Elsewhere in the World:
Major oil spill in North Dakota: A pipeline has burst – about 150 miles from where thousands of protestors have been camping out for months over the Dakota Access Pipeline’s threat to the Sioux Indians’ water supply and sacred lands. On December 12 the pipeline spilled approximately 176,000 gallons (4,200 barrels of crude oil) into the currently frozen Ash Coulee Creek near Belfield. The Wyoming-based True Companies, which owns the pipeline, has reported 36 other spills in the past ten years, totaling more than 320,000 gallons of oil. On December 5 the Army stopped construction of the pipeline and President Obama announced last week that it would not grant permission for further construction; but the developer is confident this situation will be reversed once Donald Trump is sworn in as President. Meanwhile, Standing Rock Sioux chairman Dave Archambault II says he wants to meet with Trump and some protestors are still out there, despite the bitter winter weather.
Chinese satellite to monitor greenhouse gases: The Chinese Government says it will launch its first satellite to monitor distributions of greenhouse gases around the planet next year. The People’s Daily reports: “The satellite’s launch will not only prove China’s progress in greenhouse gas monitoring, it will also lift China’s international discourse.”

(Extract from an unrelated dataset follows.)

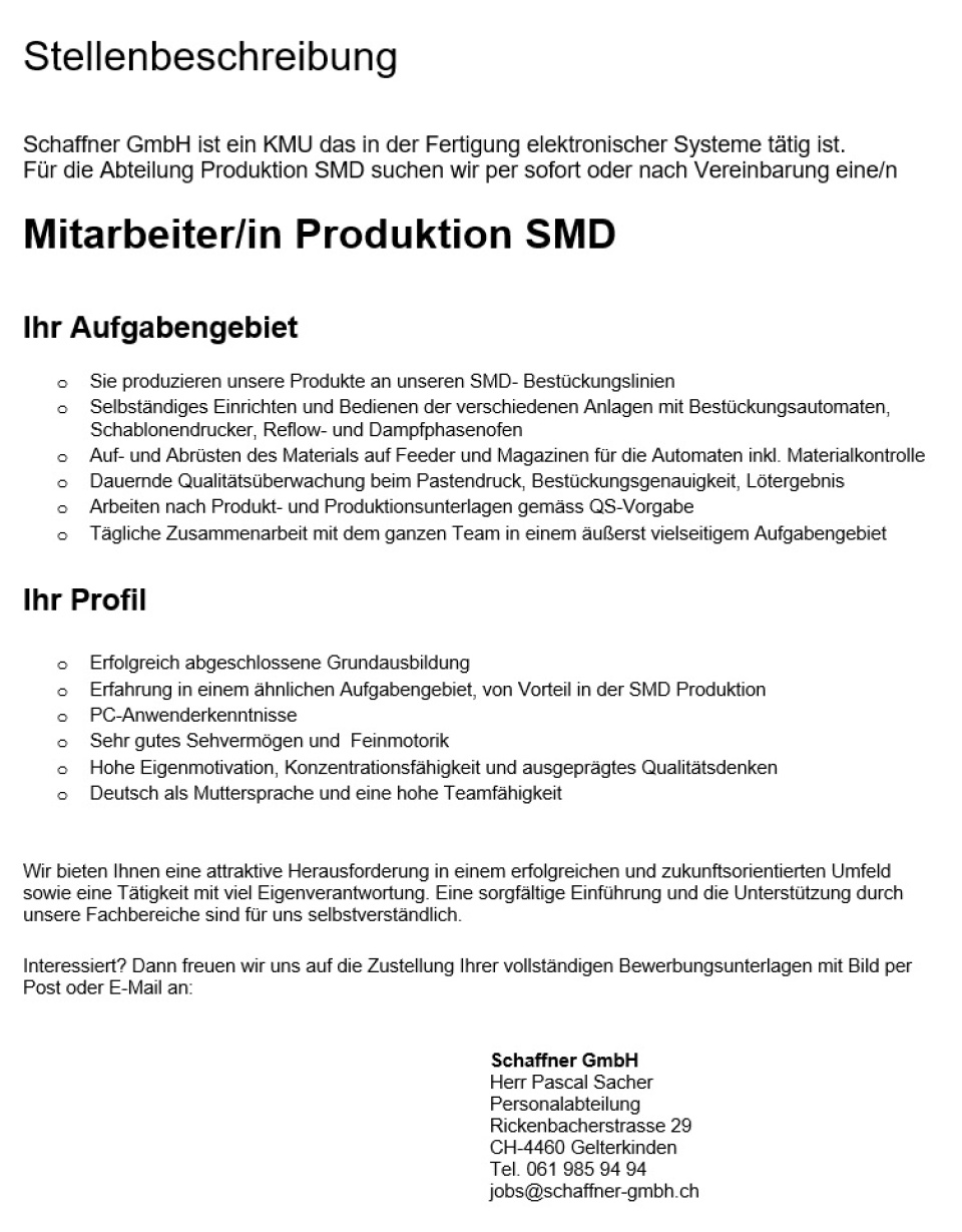 Mitarbeiter/in Produktion SMD

World’s oldest bird lays an egg: Wisdom is a Laysan Albatross, and at age 66 she is the oldest known wild bird in the world. And she has just laid another egg – her 41st – at the Midway Atoll National Wildlife Refuge in the Pacific – where she was spotted incubating an egg on December 3. Scientists are amazed (albatrosses do live long, on average for about forty years). Learn more about this wonderful bird here.

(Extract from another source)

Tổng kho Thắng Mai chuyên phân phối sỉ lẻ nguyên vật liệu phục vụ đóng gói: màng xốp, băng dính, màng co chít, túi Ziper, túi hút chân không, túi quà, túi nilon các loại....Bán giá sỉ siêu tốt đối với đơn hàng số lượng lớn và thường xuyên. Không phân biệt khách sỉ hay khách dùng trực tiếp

Giraffe population dwindling: This beautiful and beloved African animal, like many other large species on the continent, is dwindling in numbers and has recently been listed as “vulnerable” on the International Union for the Conservation of Nature (IUCN) Red List. The causes are (inevitably) poaching, habitat loss, and wars.
Desertification could make parts of Sudan uninhabitable: Climate change is biting in Sudan. Much of the northern part of the country is becoming increasingly difficult for agriculture and habitation, with the country experiencing both droughts and floods. This is affecting around two million people and will certainly create much internal displacement – in other words, climate change refugees. The Sudanese Government has released a National Adaptation Plan, aimed at protecting rural populations – 70 per cent of whom are reliant on traditional rain-fed agriculture for both food and livelihood, while 80 per cent of the population rely on rainfall for their water supply.